Day 1 - How on Earth do I make a patchwork quilt?
I have done a lot of research and have watched many YouTube tutorials; I’ve read blogs and have googled almost everything to do with patchwork quilting. I would say I feel fairly confident but I’d just be lying. Sewing bits of fabric together, easy - I thought. Wrong!
Not only are there all these different methods to making a quilt, no, making a quilt seems to come with it’s own secret society where only a select few know the language. I’m talking about a lot of quilt related jargon! Eskimos allegedly have over 100 different words for snow; that’s nothing, these quilting experts have 1,000 different terms for each different aspect of the quilt.
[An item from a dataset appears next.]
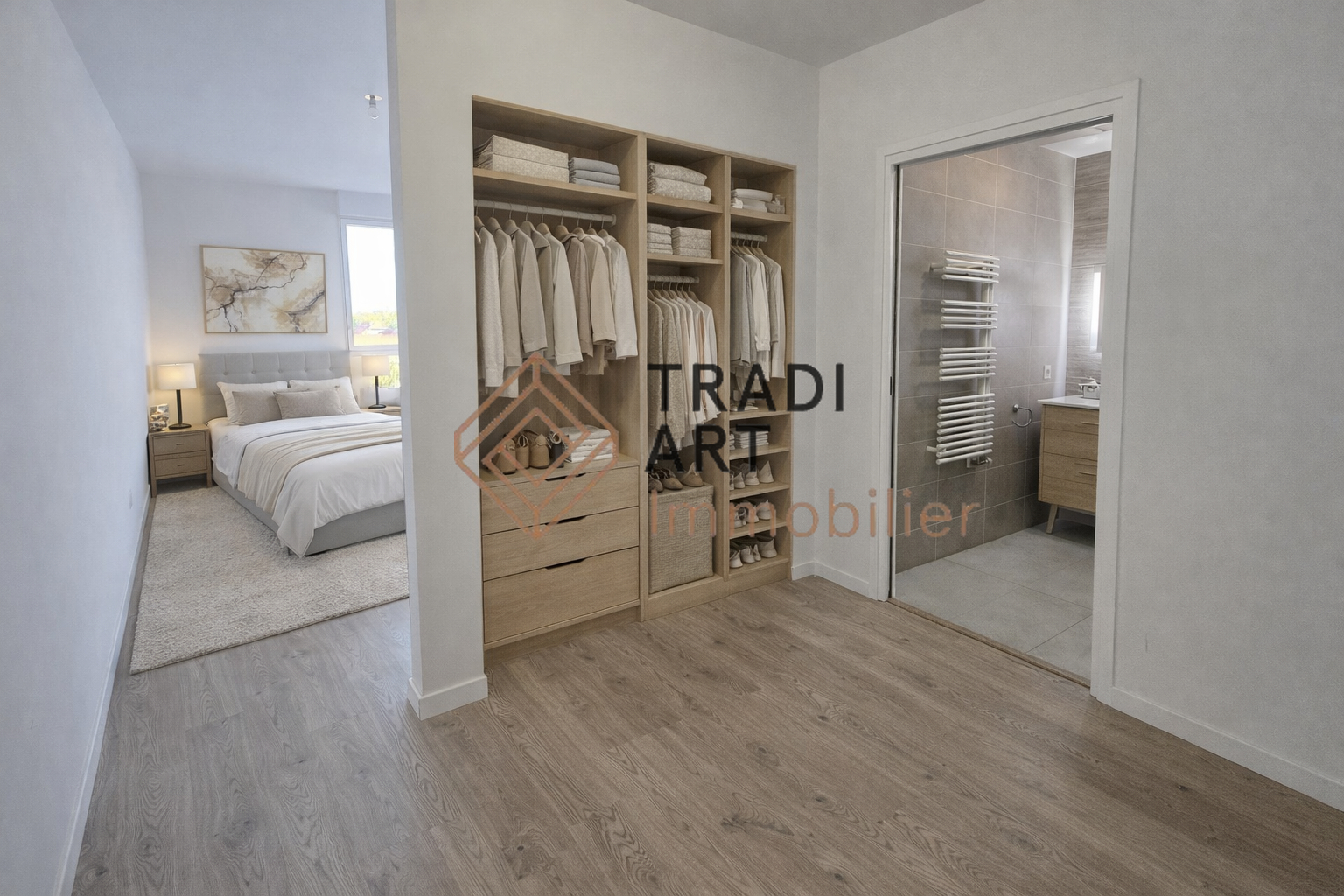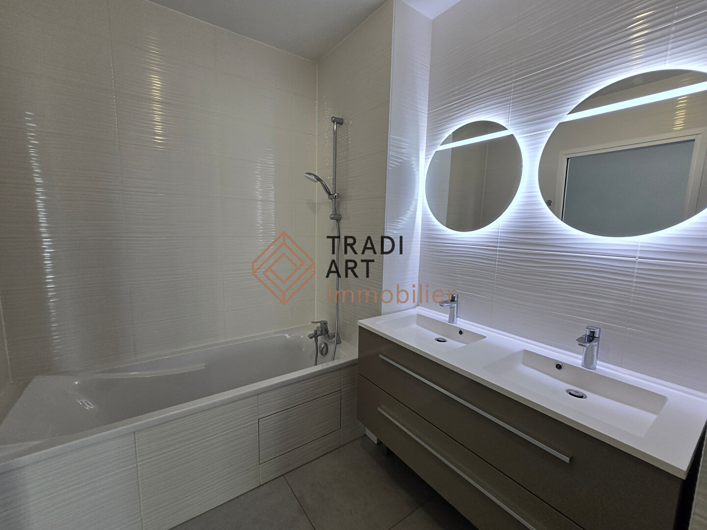 Il se compose d'une entrée avec placard, d'une belle cuisine aménagée et entièrement équipée (four, plaque, hotte, micro-ondes, réfrigérateur/congélateur, lave-vaisselle, cave à vin) ouverte sur un séjour lumineux, donnant tous deux sur une terrasse de 15 m² exposée plein sud.

On top of that, there’s pages and pages of information specifically relating to JUST picking colours.
When trying something new, be it food or a task at work, everyone is naturally apprehensive at first, not me, I had to lie down for about an hour to get my heart rate back to normal as the reality and enormity of what I had committed to do, had sunk in.
So I calmed myself, my fiancé made me lots of tea and I faced just the task in front of me, which was simply to work out the basics of making a quilt.
My advice to anyone attempting to do this would be to make sure you Google the jargon first of all (and ‘hexies’ simply means ‘hexagon’) 😉
I finally managed to bypass the expert ‘quilters’ and came across a method called 'English Paper Piecing’. This method is particularly suitable for hand-making the quilt (as I don’t have a Singer laying around). I’ll go through the method in more detail in my next few blogs.
Once I had found the information I needed (and after saving this), I had decided on an approximate pattern: hexagons with most of the patches a blue colour to tie in with my Guiding theme.